Ok, that certainly made no sense to me, because the KASAN report made
it look like a stale pathname access (allocated in getname, freed in
putname), but I think the issue is more fundamental than that.

That cdata->args.verifier seems to be entirely broken. AT least for
the "xprt == NULL" case, it does the following:

- use the address of a local variable ("&verifier")

- wait for the rpc completion using rpc_wait_for_completion_task().

That's unacceptably buggy crap. rpc_wait_for_completion_task() will
happily exit on a deadly signal even if the rpc hasn't been completed,
so now you'll have a stale pointer to a stack that has been freed.
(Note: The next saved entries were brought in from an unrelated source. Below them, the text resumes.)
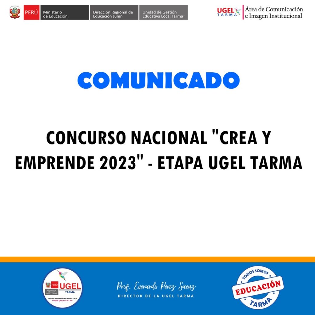 CONCURSO NACIONAL «CREA Y EMPRENDE 2023» – ETAPA UGEL TARMA
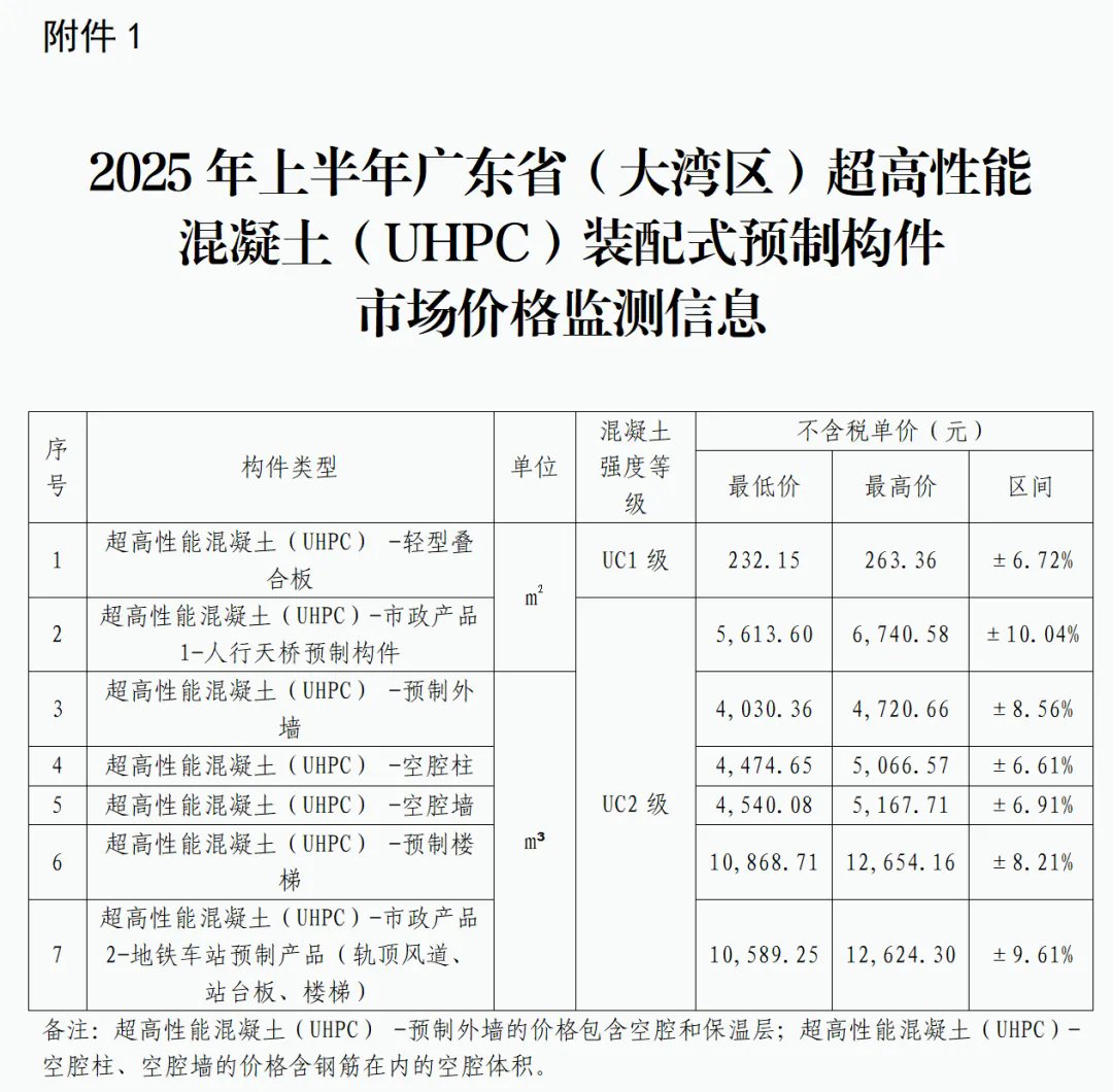 经广东省建设工程标准定额站联合广东省建筑材料行业协会装配式建筑分会组织力量监测、编审,现发布2025年上半年广东省(大湾区)超高性能混凝土(UHPC)和免拆底模钢筋桁架楼承板装配式预制构件价格监测信息(详见附件1、2),供各单位参考。相关事项说明如下:
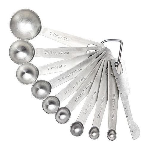 Measuring Spoons: U-Taste 18/8 Stainless Steel Measuring Spoons Set of 9 Piece: 1/16 tsp; 1/8 tsp; 1/4 tsp; 1/3 tsp; 1/2 tsp; 3/4 tsp; 1 tsp; 1
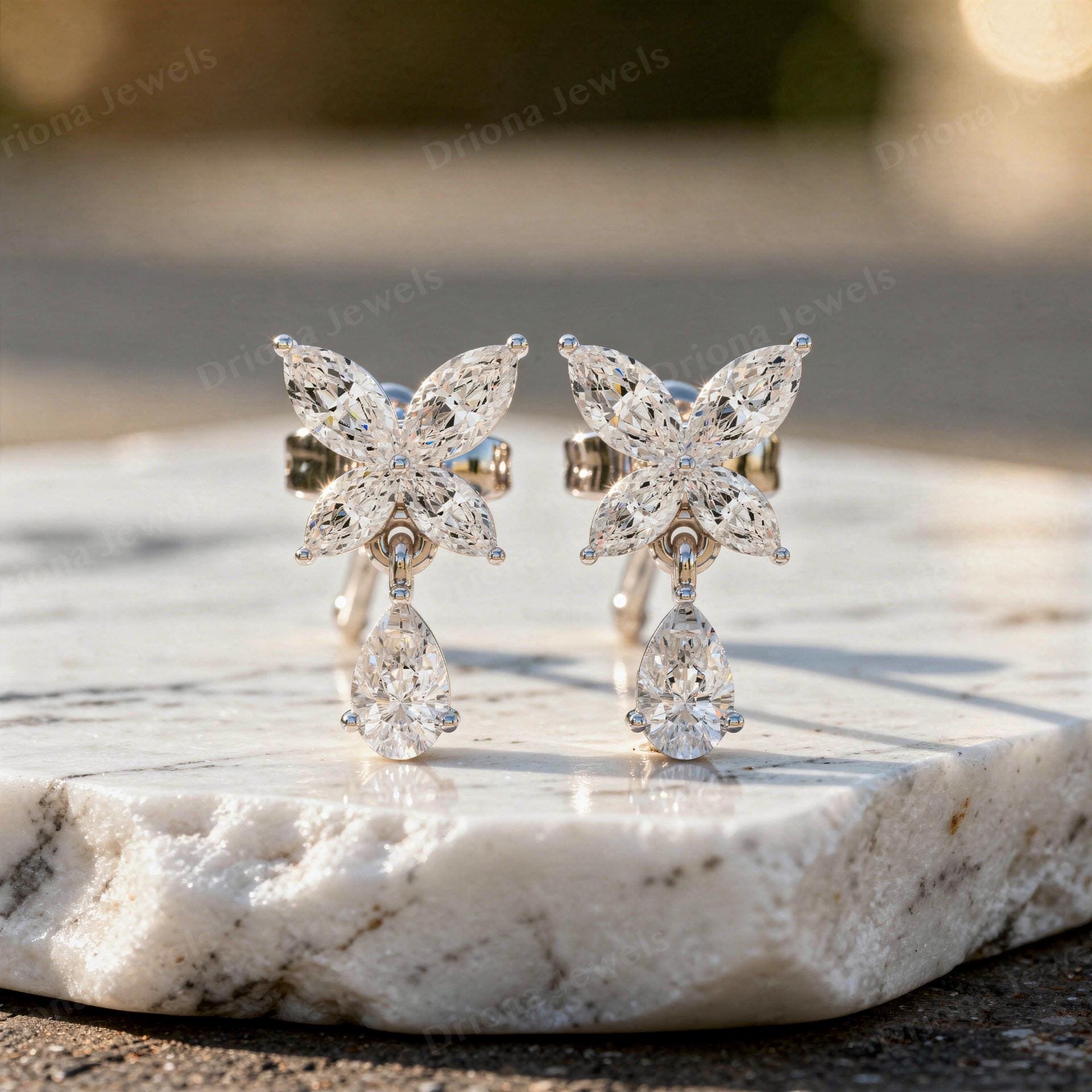 - Floral Drop Stud Earrings | Elegant Flower Teardrop Design
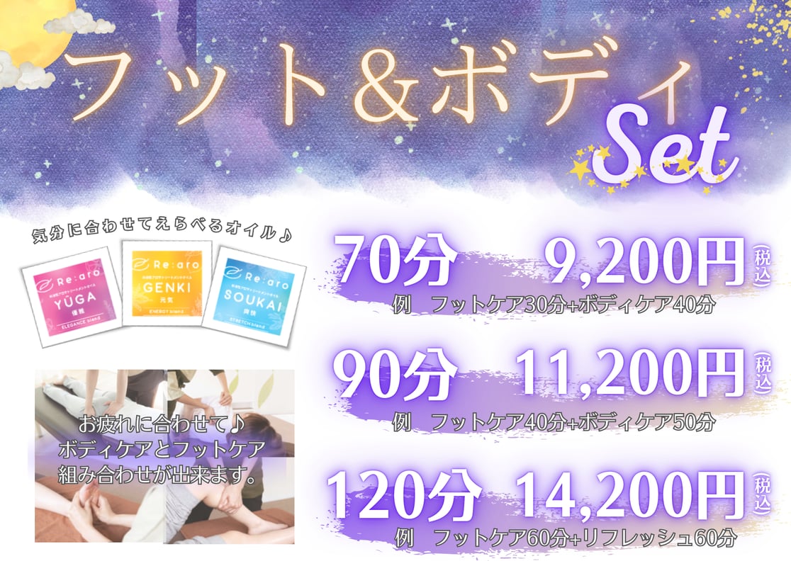 こんにちは! 9月になりましたがまだまだ暑いですね。夏バテという言葉は世間に深く浸透していますが、「秋バテ」というものもあるそうです。 今は暑いのでイメージや対策がしづらいですが、少しずつ気温は下がっていくので寒暖差による倦怠感や体調不良を感じるのが秋バテだそうです。 9月からはなるべく湯船に浸かって、エアコンで冷やしがちだった身体全体を休ませてみましょう! さて、アリオ亀有店では9月からフット&ボディケアセットコースの提供を開始します! この他にも頭周りや手周りなどいろんなメニューを用意してお待ちしております。旅行やお盆明けでたまったお疲れはリラクにおまかせください!!

So I think the 'pathname' part may actually be entirely a red herring,
and it's the underlying access itself that just picks up a random
pointer from a stack that now contains something different. And KASAN
didn't notice the stale stack access itself, because the stack slot is
still valid - it's just no longer the original 'verifier' allocation.

Or *something* like that.

None of this looks even remotely new, though - the code seems to go
back to 2009. Have you just changed what you're testing to trigger
these things?

I'm not even sure why it does that stupid stack allocation. It does a
*real* allocation just a few lines later:

struct nfs41_exchange_id_data *calldata
calldata = kzalloc(sizeof(*calldata), GFP_NOFS);

and the whole verifier structure could easily have been part of that
same allocation as far as I can tell.

And that really might seem to be the right thing to do.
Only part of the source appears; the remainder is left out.